From c98ff9713af8ef55d1ce60f85f195fa7154e8f85 Mon Sep 17 00:00:00 2001
From: Krisztian Litkey <krisztian.litkey@intel.com>
Date: Wed, 13 Mar 2024 00:03:53 +0200
Subject: [PATCH] WiP: topology-aware: support for CPU allocator priorities.

Add support for configurable default and annotated per-container
CPU priority preferences.

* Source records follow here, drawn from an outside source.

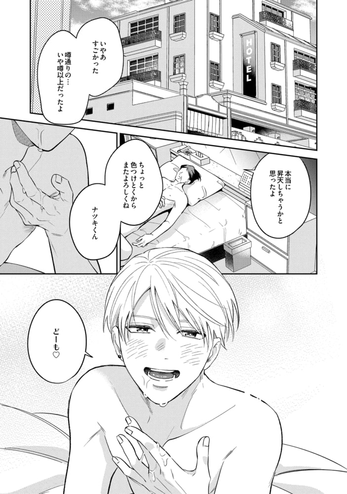 ――"神の使い"と称され、どんな男でもイかせることができるフリーのウリ専・ナツキ。噂が噂を呼び、がっぽり稼いでいたある日、花園グループの御曹司・花園聡に拉致される。イかせたら百万円という誘惑に負けて契約してしまうが、契約書をよく読むと専属契約で!? 御曹司から逃げ出せたら反故にできると約束させるも、何度も逃げては捕まり、彼とセックスすることに――。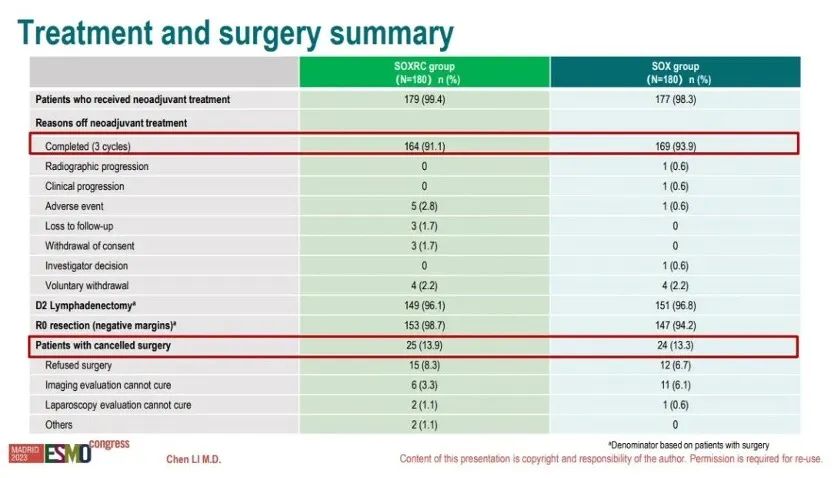 • SOXRC组新辅助完成率为91.1%,SOX组新辅助完成率为93.9%;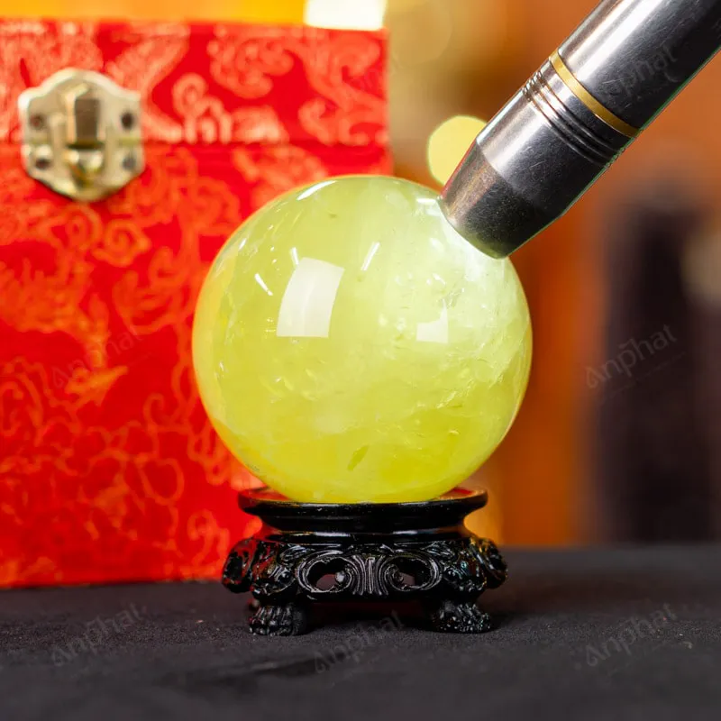 - Trọn bộ sản phẩm bao gồm: quả cầu + 01 đế gỗ + hộp đựng sang trọng + túi giấy sang trọng + dầu dưỡng đá + thiệp + giấy kiểm định chất lượng đá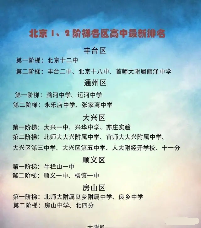 海淀区的高中排名一直备受关注,第一阶梯的知名学校有人大附中、北大附中等,而第二阶梯包括理工附中、交大附中等学校。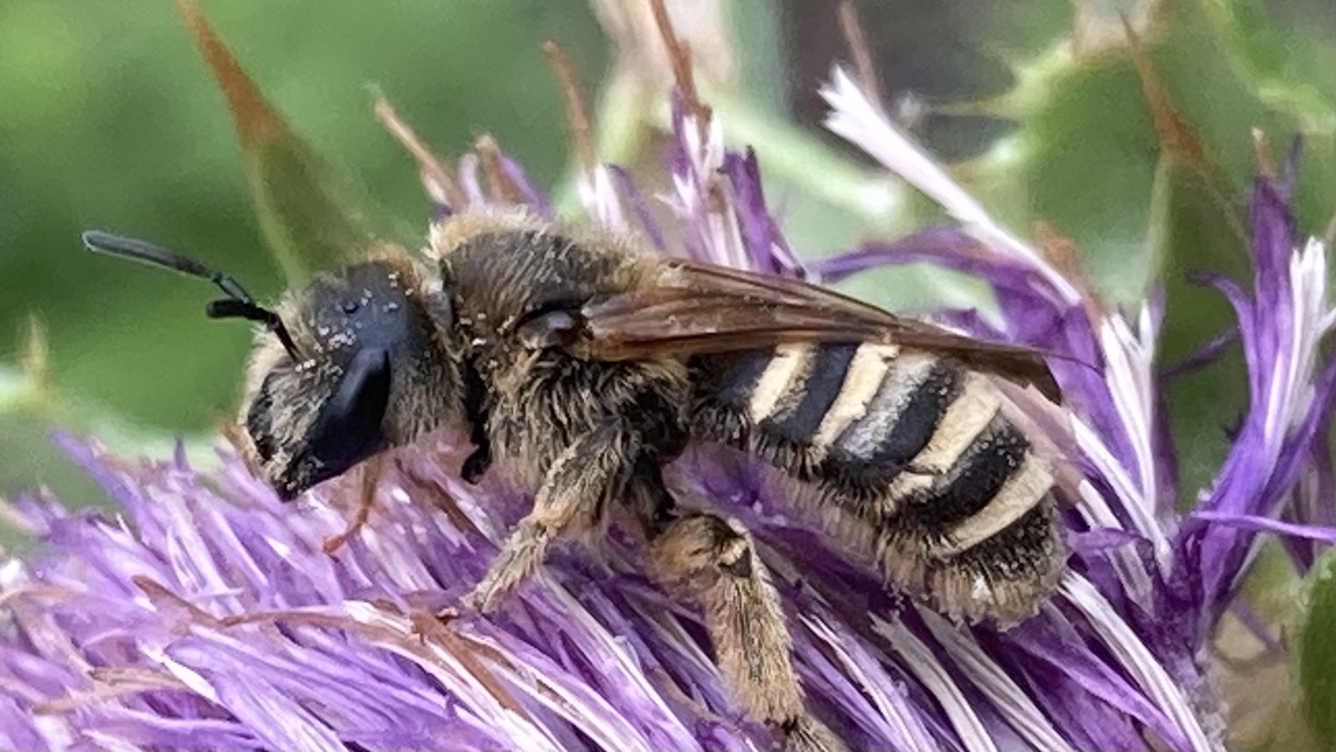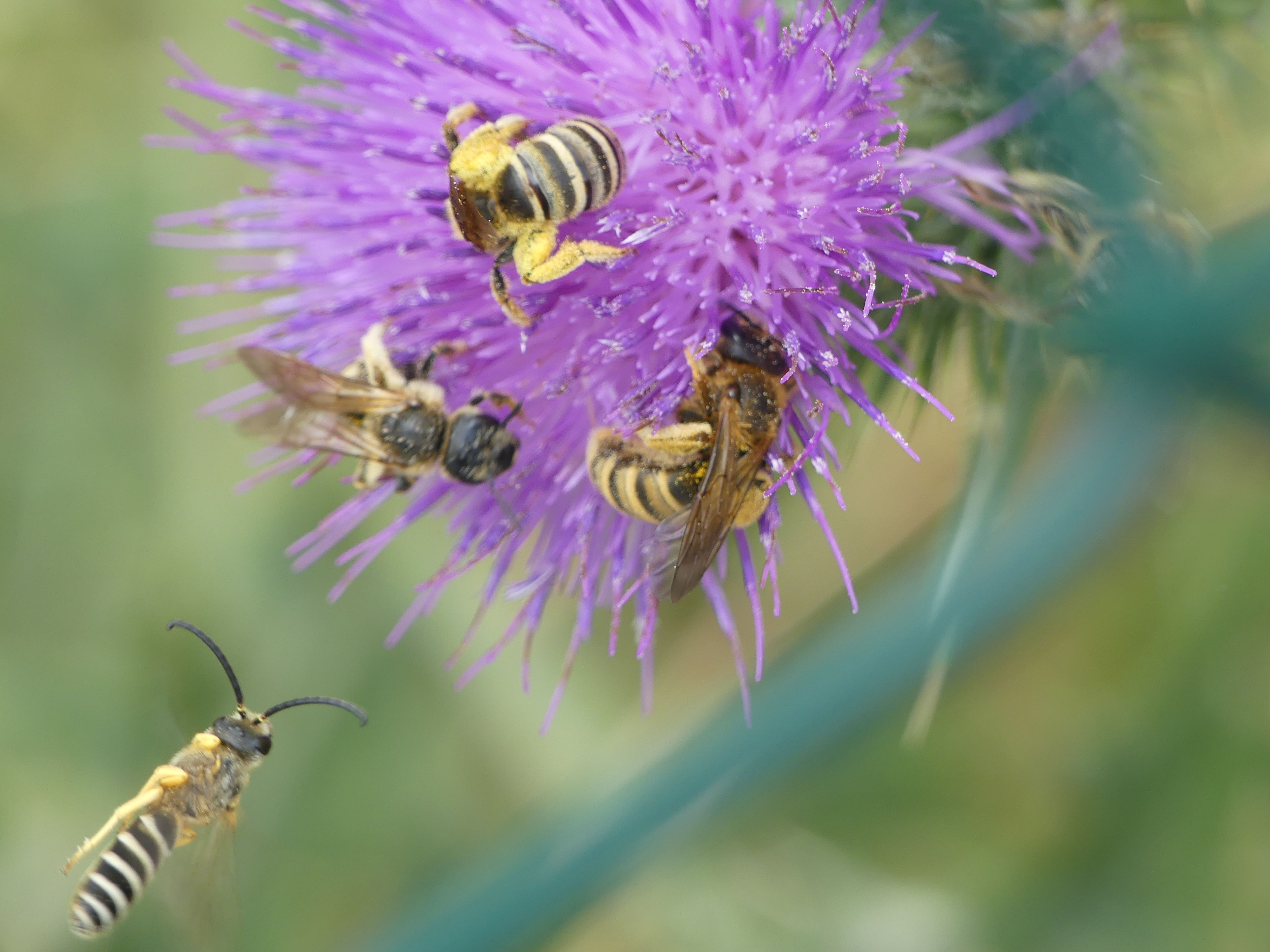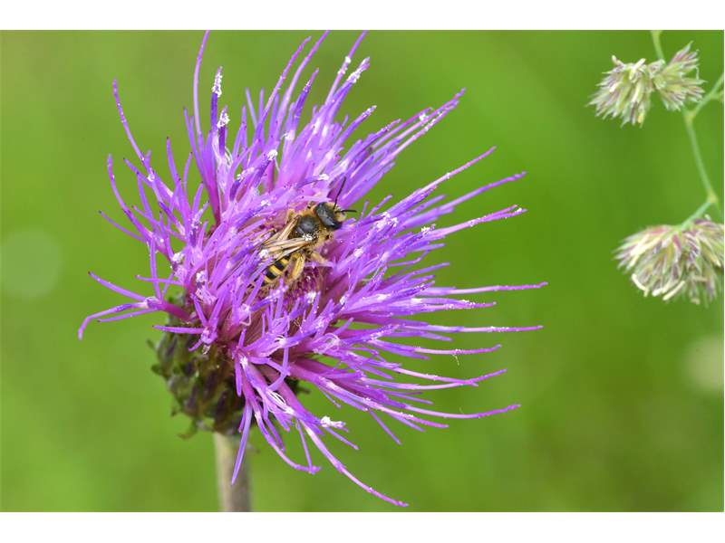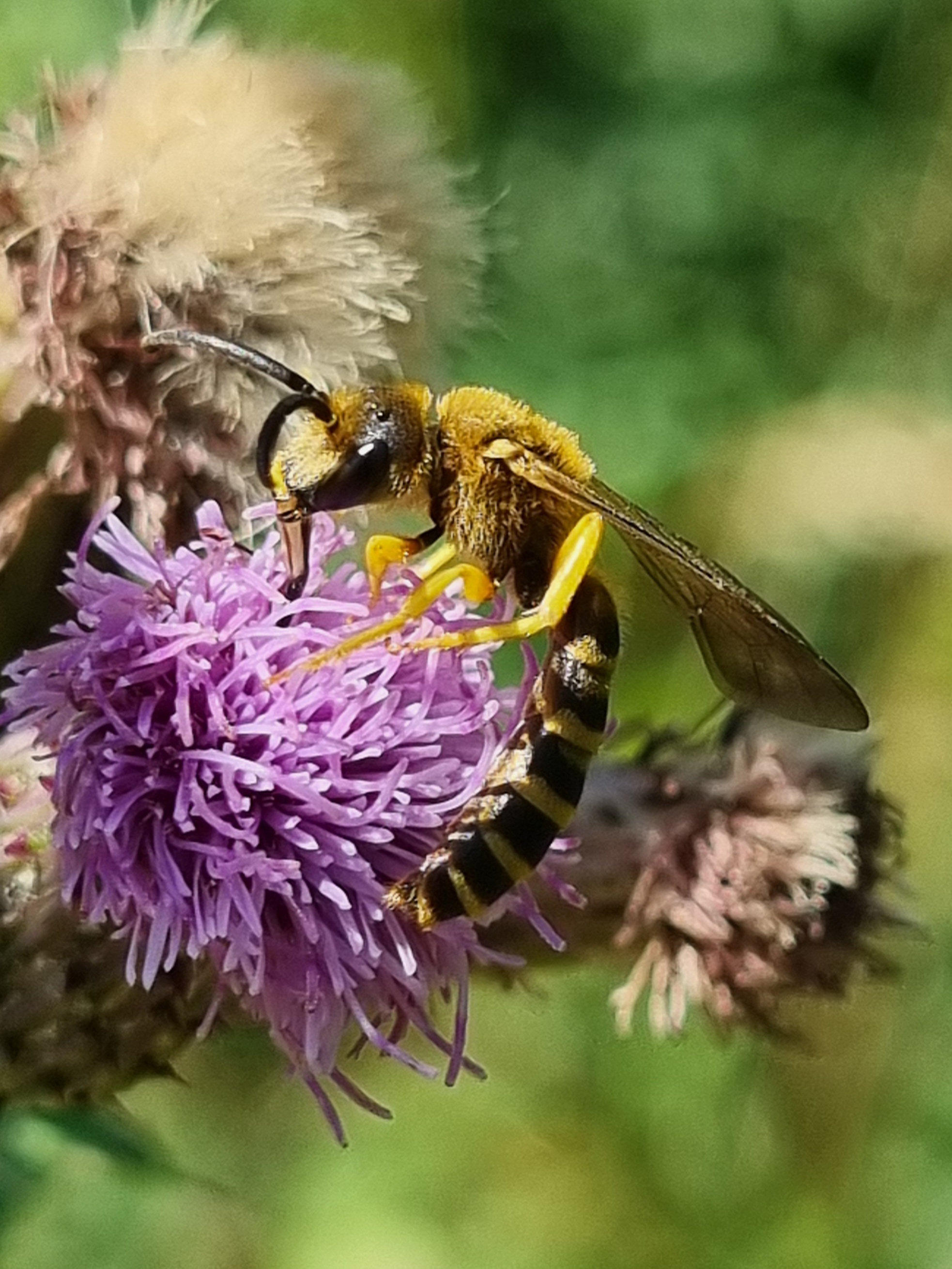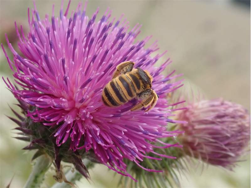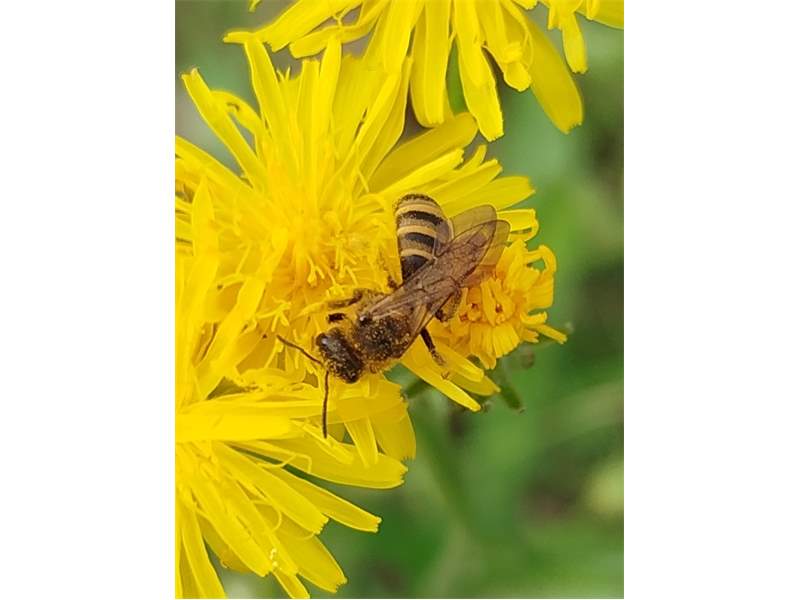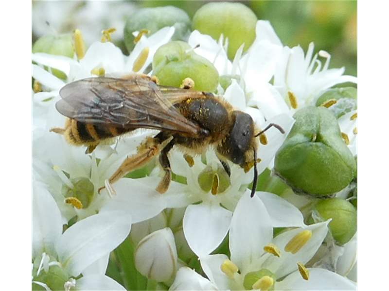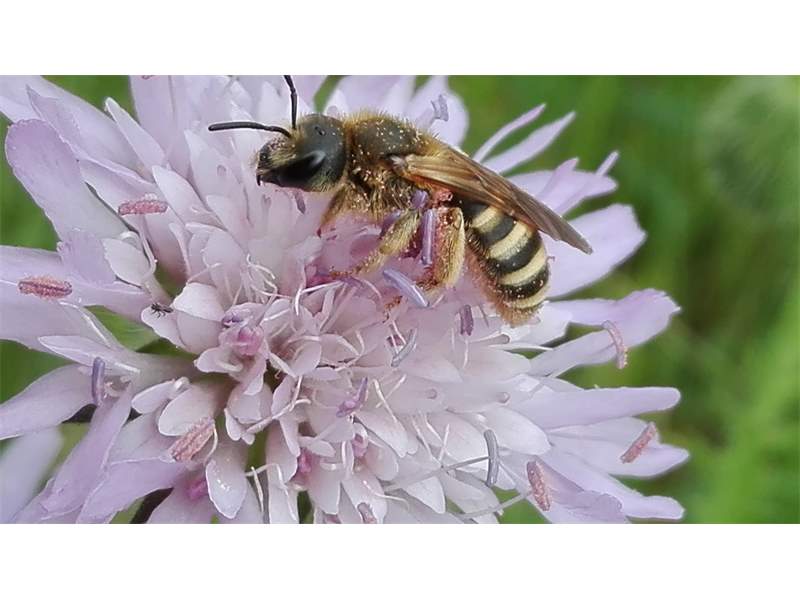 Gelbbindige Furchenbiene (Halictus scabiosae (Rossi, 1790)),Freital/Wurgwitz,Hammerteich,Wegrand auf Kratzdistel,Sep. 2019 (© Manfred Wonka)( Bild vergrößern)

These determine the preferred priority
for CPUs when doing fully or partially exclusive CPU allocation.
Priorities are calculated for such allocations and passed on to
the CPU allocator which then tries to fulfill these preferences.

It should now be possible to configure the policy to allocate
(exclusive) E-cores by default and P-cores to containers which
are annotated so, or to do it the other way around.

Signed-off-by: Krisztian Litkey <krisztian.litkey@intel.com>
---
 .../topology-aware/policy/pod-preferences.go  | 66 ++++++++++++++-----
 .../topology-aware/policy/resources.go        | 40 +++++++++--
 .../policy/topology-aware-policy.go           |  4 +-
 .../config.nri_topologyawarepolicies.yaml     | 13 ++++
 .../config.nri_topologyawarepolicies.yaml     | 13 ++++
 .../resmgr/policy/topologyaware/config.go     | 32 +++++++++
 6 files changed, 147 insertions(+), 21 deletions(-)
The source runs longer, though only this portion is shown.